Industry aces megaquake, cyber meltdown stress tests
New Zealand insurers comfortably withstood a stress test simulating a huge earthquake and severe cyber incidents.
The results confirm the industry is well-equipped to handle extreme shocks and disruptions, according to the Reserve Bank of New Zealand.
“Despite the severity of the scenario, policyholder claims would have been met,” the regulator’s director of financial stability assessment and strategy Kerry Watt said.
“This is a sign of the resilience that’s been built into the system since the Canterbury earthquakes, including strengthening of solvency requirements, increased coverage by the Natural Hazards Commission and improved loss estimation modelling.”
The quake scenario involved a magnitude-8.7 event off the east coast of the North Island. It simulated losses that went beyond the RBNZ’s solvency requirements, to check insurer preparedness and recovery plans.
Participating insurers – AA Insurance, AIG, IAG, Tower, Vero, Chubb and QBE – account for about 70% of the market. Modelled property losses were $NZ62 billion ($57.21 billion), rising to $NZ100 billion ($92.28 billion) if extrapolated to the whole market.
About half the losses were covered by the government-guaranteed NHC, 39% by reinsurance arrangements and 8% retained by policyholders, with the remainder covered by the insurers.
The stress test also included a major data breach scenario, a critical cloud services outage and a ransomware attack. Losses were much lower than the quake scenario, but the relative effect on profitability was significant, reducing annual aggregate profit by one-third in the cloud outage scenario. Reinsurance covered a large portion of cyber claims.
Mr Watts says the test highlighted different industries’ exposure to cyber risks and the need for greater clarity on coverage in policy wording. Insurers used the exercise to improve data collection, develop modelling and inform risk appetite.
“We encourage the industry to build on these insights to improve resilience in this rapidly changing space,” he said.

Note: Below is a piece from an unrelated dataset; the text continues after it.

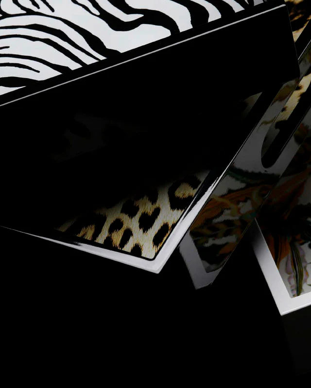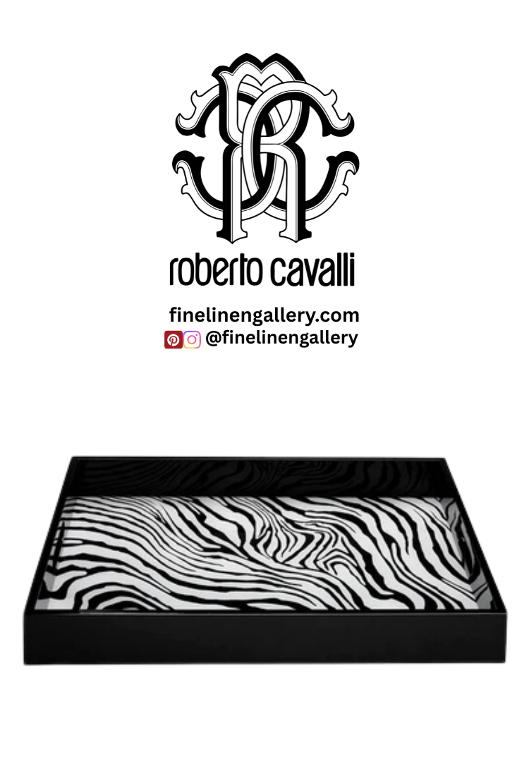 Roberto Cavalli Home Tray ZEBRAGE Rectangular Small showcases the bold spirit of the Zebrage collection. The striking black-and-white zebra pattern evokes Africa’s wild allure, bringing the signature disruptive sensuality of Roberto Cavalli luxury to the table.

Capital injections from parent companies and the availability of reinsurance have been identified as critical to insurers continuing to offer cover following catastrophes.
The quake scenario included a tsunami followed by a magnitude-7.7 aftershock one month later, and smaller tremors for 12 months.
The RBNZ says the high proportion of claims covered by reinsurers and the NHC suggests policy changes since the 2010-11 Christchurch quakes – including the one-in-1000-year loss solvency standard and NHC payments of up to $300,000 per home – have lifted resilience.
The aggregate solvency ratio fell from 168% at the start of the stress test to 11% (the minimum requirement for licensed insurers is 100%) at the end of year one.
Insurers identified actions to recover including capital injections, repricing, reinsurance cover adjustments and cost cuts.